# What to do when your spouse is more roommate than partner?



## Mysticpizza8! (Dec 20, 2017)

I'm lost and totally alone. Been married 20+ years , hubby has always been less than empathetic or one that dotes not super good with emotions. I thought I had accepted that this was the way he is but the last 2 years have been pretty rotten and he doesnt seem to think anything wrong despite my telling him how I feel. I had doc appt 9 days ago to find out if I m going to need surgery on my hand he still has not asked bout that appt. I'm so hurt that I mean so little to him. 3 weeks ago I made the statement to him tha t we were really bad room mates not spouses, few days later on our anniversary he says I'm the best roommate he s ever had, jk he said afterwards. We have not had sex in almost 2 yrs bc of his inability to get erection, I have asked him to see a doc for last 1.5 yrs, I feel it's me that he s not attracted to but he says no. Hard to feel wanted or attractive to your mate when he cant get erection. Help with some input bc I don't know what to do anymore, tired of feeling lonely.


----------



## uhtred (Jun 22, 2016)

This does sound like roommates not a marriage. If that is all he wants out of the relationship, then I think you need to consider whether or not you want to live the rest of your life this way. Most marriages are NOT like this, though some are.


----------



## GuyInColorado (Dec 26, 2015)

One life. Don't waste it. Get out and find someone to loves you, desires you, and will make life worth living. 

Time to rock the boat.


----------



## Mysticpizza8! (Dec 20, 2017)

Thank you all your input. Makes me feel better that I'm not crazy or being selfish to want more.


----------



## FieryHairedLady (Mar 24, 2011)

You need to have a good heart to heart talk with him about what you expect out of marriage, what does he expect? That you both need to find ways to rekindle the romance. That he HAS to go see a doc about his ED.


----------



## Mysticpizza8! (Dec 20, 2017)

He keeps saying he needs to see do but still hasn't made appt . I have had heart to hearts with him , he says things need to change yet here I am asking for advice to see if this is nirmasl or if I'm being selfish.i told him tonight that I had doc appt and they want to do surgery and that I was very hurt he didn't ask about it at all since my appt a week ago, his reply was he is concerned and he meant to ask.😟 I'm just very aggravated and feel so alone. Not how I imagined my marriage if 20 yes to be.


----------



## CuddleBug (Nov 26, 2012)

Mysticpizza8! said:


> I'm lost and totally alone. Been married 20+ years , hubby has always been less than empathetic or one that dotes not super good with emotions. I thought I had accepted that this was the way he is but the last 2 years have been pretty rotten and he doesnt seem to think anything wrong despite my telling him how I feel. I had doc appt 9 days ago to find out if I m going to need surgery on my hand he still has not asked bout that appt. I'm so hurt that I mean so little to him. 3 weeks ago I made the statement to him tha t we were really bad room mates not spouses, few days later on our anniversary he says I'm the best roommate he s ever had, jk he said afterwards. We have not had sex in almost 2 yrs bc of his inability to get erection, I have asked him to see a doc for last 1.5 yrs, I feel it's me that he s not attracted to but he says no. Hard to feel wanted or attractive to your mate when he cant get erection. Help with some input bc I don't know what to do anymore, tired of feeling lonely.

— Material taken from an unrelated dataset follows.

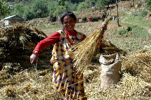 1泊2日のMTBツアーに出発。交通量の多い市街はクルマで移動。ヒンドゥー教の寺院・パシュパティナートの裏から、MTB走行が始まります。 ![]() ちょうど麦が穂を垂れる美しい時期でした |

- Your hubby should be going to the gym, training hard, eating healthy, no smoking or alcohol, etc. He wouldn't have Erectile dysfunction.


- 2 years of no sex and he isn't doing anything about it is very cruel and not a loving hubby. I feel for you. That's not cool at all.


- Sounds like you want sex and that close physicality, yes? Your hubby does not?


Different love languages.

Profiles Archive - The 5 Love Languages®

You'll be surprised and maybe it'll help you both?


It could also be sexual mismatch. One spouse has the healthy sex drive and the other spouse coundn't care less short of divorce. HD / LD.


If I were you, I would buy a high end sex toy and use that often to get it out of your system. At least that way, your LD hubby has no sexual power over you and you won;t be sexually starved and miserable.


----------



## cc48kel (Apr 5, 2017)

I'm sorry.. I know exactly how it is feeling alone and lost when married. It's not fun at all. Once I had an MRI done which was very scary to me and all he could say is 'good luck' as I left. Have you tried going out more with friends? Prehaps your home too much meaning he's too comfortable.


----------



## MJJEAN (Jun 26, 2015)

CuddleBug said:


> If I were you, I would buy a high end sex toy and use that often to get it out of your system. At least that way, your LD hubby has no sexual power over you and you won;t be sexually starved and miserable.


No, she'd still be sex starved, she'd just be sex starved with a few self generated orgasms.

No sex in 2 years? No real care and concern? Yeah, no. I'd be out. Just on the no sex alone. You can be platonic friends without being married to each other.


----------



## Bibi1031 (Sep 14, 2015)

It is not too late to find a better partner for your next 20 years! End this relationship and then find your better life partner. You tried and got nothing in return but laziness and procrastination. You want a husband, not a roomate plain and simple.


----------



## sokillme (Jun 10, 2016)

Mysticpizza8! said:


> I'm lost and totally alone. Been married 20+ years , hubby has always been less than empathetic or one that dotes not super good with emotions. I thought I had accepted that this was the way he is but the last 2 years have been pretty rotten and he doesnt seem to think anything wrong despite my telling him how I feel. I had doc appt 9 days ago to find out if I m going to need surgery on my hand he still has not asked bout that appt. I'm so hurt that I mean so little to him. 3 weeks ago I made the statement to him tha t we were really bad room mates not spouses, few days later on our anniversary he says I'm the best roommate he s ever had, jk he said afterwards. We have not had sex in almost 2 yrs bc of his inability to get erection, I have asked him to see a doc for last 1.5 yrs, I feel it's me that he s not attracted to but he says no. Hard to feel wanted or attractive to your mate when he cant get erection. Help with some input bc I don't know what to do anymore, tired of feeling lonely.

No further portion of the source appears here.